February 10, 1880 – The Chicago Daily Tribune editorializes about “the expenditure of money
for cleaning streets that are never cleaned, and never can be cleaned or kept
clean by the system which is practiced in this city.” [Chicago
Daily Tribune, February 10, 1880] Paved streets cannot be kept clean when
so many others are composed of raw earth, and the paper concludes that “The
paved streets cannot be free of mud until they are relieved of the supply
furnished by the adjoining unpaved streets.”
The editorial proposes that a plan be adopted that would see the area bounded
by the lake, the south branch of the river, and Twelfth Street given streets “with
a deep, hard bed of macadam, cinders, or gravel” so that “These unpaved streets
being no longer mud-holes, no mud will be carried from them to the paved streets,
and the work and cost of keeping the latter swept and clean continuously will
be comparatively very light.” Once this
area is complete, the paper continues, the process can be repeated in the North
and West Divisions. The editorial
concludes, “Having put all the mud-producing streets in order with hard,
compact, firm surfaces, the work of keeping the other streets clean will be comparatively
an easy matter.” The above photo shows the paved Washington Boulevard at Wabash Avenue in 1880.
Also on this date from an earlier blog entry . . .

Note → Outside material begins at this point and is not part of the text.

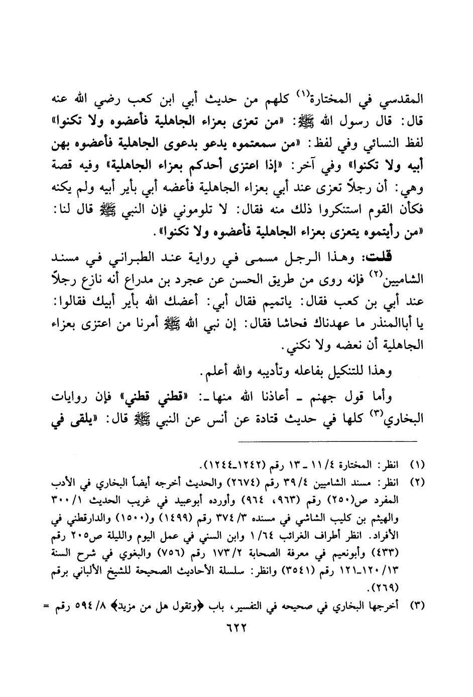 المقدسي في المختارة كلهم من حديث أبي ابن كعب رضي الله عنه قال: قال رسول الله صلى الله عليه وسلم: "من تعزى بعزاء الجاهلية فأعضوه ولا تكنوا" لفظ النسائي وفي لفظ: "من سمعتموه يدعو بدعوى الجاهلية فأعضوه بهن أبيه ولا تكنوا" وفي آخر: "إذا اعتزى أحدكم بعزاء الجاهلية" وفيه قصة وهي: أن رجلاً تعزى عند أبي بعزاء الجاهلية فأعضه أبي بأير أبيه ولم يكنه فكأن القوم استنكروا ذلك منه فقال: لا تلوموني فإن النبي صلى الله عليه وسلم قال لنا: "من رأيتموه يتعزى بعزاء الجاهلية فأعضوه ولا تكنوا".

February 10, 1916 -- More than 100 guests at a banquet in honor of Archbishop George William Mundelein, pictured above, are poisoned at the University Club after a cook, Jean Crones, puts arsenic in the soup. Mandolein, who had just arrived in Chicago to take over the city's archdiocese, had skipped the soup and was fine. No one died, but a third of Chicago's elite were mightily incommoded. There was little interest in the evening's entrées after the soup had its affect, and orders were quickly sent to hurry the ice cream and coffee and skip the cheese. In his address to the group, the Cardinal said, "I have one thing in view, one thing to perform. That is that when my days are ended and my work is done, the people of Chicago, irrespective of creed, will be grateful that I have come among them and that they will believe I have been a good influence not only to my church but to the whole city." Crones, the cook, turned out to be an Italian anarchist by the name of Nestor Dondoglio. He disappeared and was never caught.